An ammonium salt of an alkanoic acid gain 60.5% of carbon 6.5% of hydrogen gas. If 0.309g of the salt yields 0.0313g of nitrogen. Determine the empirical formula of the salt
To determine the empirical formula of the salt, we need to calculate the ratio of elements present in the compound based on the given percentages.
Given:
- Carbon (C) = 60.5%
- Hydrogen (H) = 6.5%
- Nitrogen (N) = 0.0313g
Step 1: Convert percentage to mass:
Calculate the mass of each element based on the given percentages.
Mass of carbon (C):
0.605 * 0.309g = 0.187045g
Mass of hydrogen (H):
0.065 * 0.309g = 0.020085g
Step 2: Convert mass to moles:
Calculate the number of moles of each element using their molar masses.

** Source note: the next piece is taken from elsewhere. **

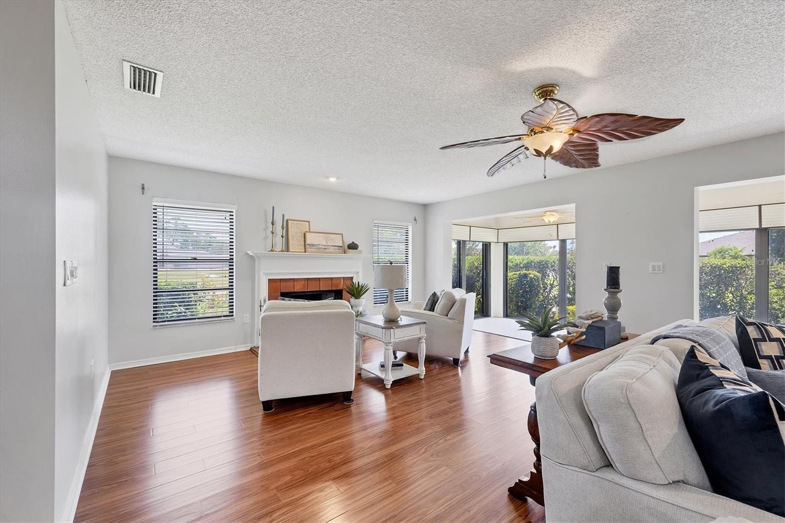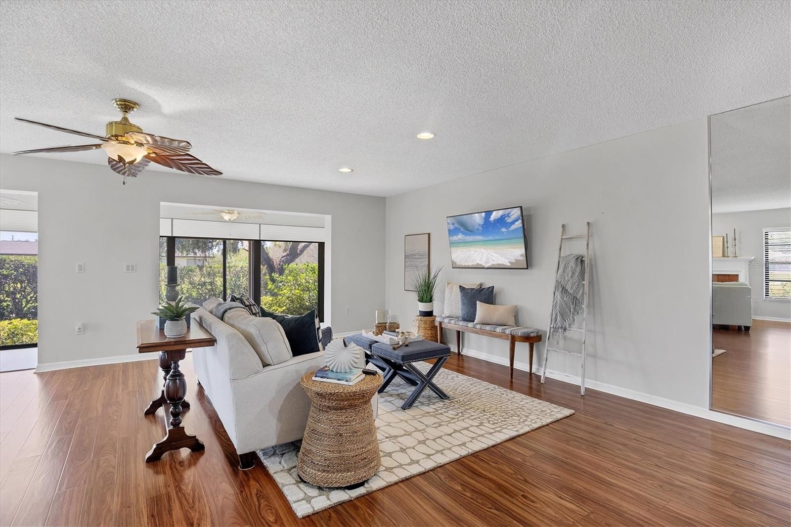Welcome to a serene slice of Sarasota living in this immaculate maintenance-free villa. Offering peace of mind while tucked away in the lush, 36-acre gated community in Ballantrae within Sarasota’s coveted Palmer Ranch area, this impeccably maintained villa redefines carefree Florida living. With 2,282 square feet of air-conditioned space (2,901 total), this true three-bedroom, two-bathroom end unit offers the privacy and comfort of a single-family home—without the upkeep. The villa’s spacious, open-concept design flows seamlessly from its renovated kitchen, featuring light cabinetry and a cozy eat-in area, into expansive living and family rooms adorned with new luxury vinyl plank flooring. An enclosed and vented lanai extends the living space, making it perfect for year-round enjoyment. Inside, the large primary suite boasts a sitting area or office nook, a spacious and well-organized closet, and serene views of the surrounding greenery. Two well-appointed guest rooms with organized wall closets ensure ample room for visitors or hobbies. This villa is move-in ready with numerous upgrades: replumbing, a 2019 HVAC system, a newer water heater, washer and dryer, hurricane shutters, and a brand-new roof in 2024. Easy-care luxury vinyl plank floors and sun shades add to the relaxed, low-maintenance appeal. Ballantrae is cherished for its privacy and tranquility, offering residents a serene, park-like setting. Behind the gates, the community is also well-managed, providing added peace of mind. Condo dues cover exterior maintenance so homeowners can focus on enjoying the lifestyle. A private walking path leads to the Sarasota Sports Club, where optional memberships offer access to tennis courts, a pool, and a fully equipped fitness center. Conveniently located near the Legacy Trail, shopping dining and entertainment, and just minutes from the award-winning white sands of Siesta Key Beach, this villa blends tranquility, quality, and convenience in one exceptional package.

Molar mass of carbon (C) = 12.01 g/mol
Number of moles of carbon (C) = mass / molar mass
= 0.187045g / 12.01 g/mol
≈ 0.01556 mol
Molar mass of hydrogen (H) = 1.01 g/mol
Number of moles of hydrogen (H) = mass / molar mass
= 0.020085g / 1.01 g/mol
≈ 0.01986 mol
Molar mass of nitrogen (N) = 14.01 g/mol
Number of moles of nitrogen (N) = mass / molar mass
= 0.0313g / 14.01 g/mol
≈ 0.00223 mol
Step 3: Find the simplest ratio of the elements:
Divide each element's mole value by the smallest mole value obtained.
C: 0.01556 mol / 0.00223 mol ≈ 6.98
H: 0.01986 mol / 0.00223 mol ≈ 8.9
N: 0.00223 mol / 0.00223 mol = 1
Step 4: Determine the empirical formula:
The ratio of elements obtained from the previous step represents the empirical formula.
Therefore, the empirical formula of the salt is C7H9N.
To determine the empirical formula of the salt, we need to find the relative proportions of the elements present in it.
First, let's calculate the mass of each element in the given sample of the salt.
Given:
Mass of C = 60.5% of 0.309g = 0.60 * 0.309g = 0.1854g
Mass of H = 6.5% of 0.309g = 0.065 * 0.309g = 0.020085g
Mass of N = 0.0313g
Next, we need to convert the masses of C, H, and N into moles using their respective atomic masses from the periodic table.
The atomic masses (rounded to two decimal places) are:
C (Carbon) = 12.01 g/mol
H (Hydrogen) = 1.01 g/mol
N (Nitrogen) = 14.01 g/mol
Number of moles of C = mass of C / atomic mass of C = 0.1854g / 12.01 g/mol = 0.01544 mol
Number of moles of H = mass of H / atomic mass of H = 0.020085g / 1.01 g/mol = 0.01988 mol
Number of moles of N = mass of N / atomic mass of N = 0.0313g / 14.01 g/mol = 0.00223 mol
Now, let's find the mole ratios of C, H, and N by dividing the number of moles of each element by the smallest number of moles obtained.
Dividing by 0.00223 mol (the smallest number of moles):
Ratio of C = 0.01544 mol / 0.00223 mol ≈ 6.92
Ratio of H = 0.01988 mol / 0.00223 mol ≈ 8.91
Ratio of N = 0.00223 mol / 0.00223 mol = 1.00
Based on the obtained ratios, the empirical formula of the salt is C6.92H8.91N. However, we should always simplify the subscripts to the nearest whole numbers.
Rounding the subscripts to the nearest whole numbers, the empirical formula of the salt is C7H9N.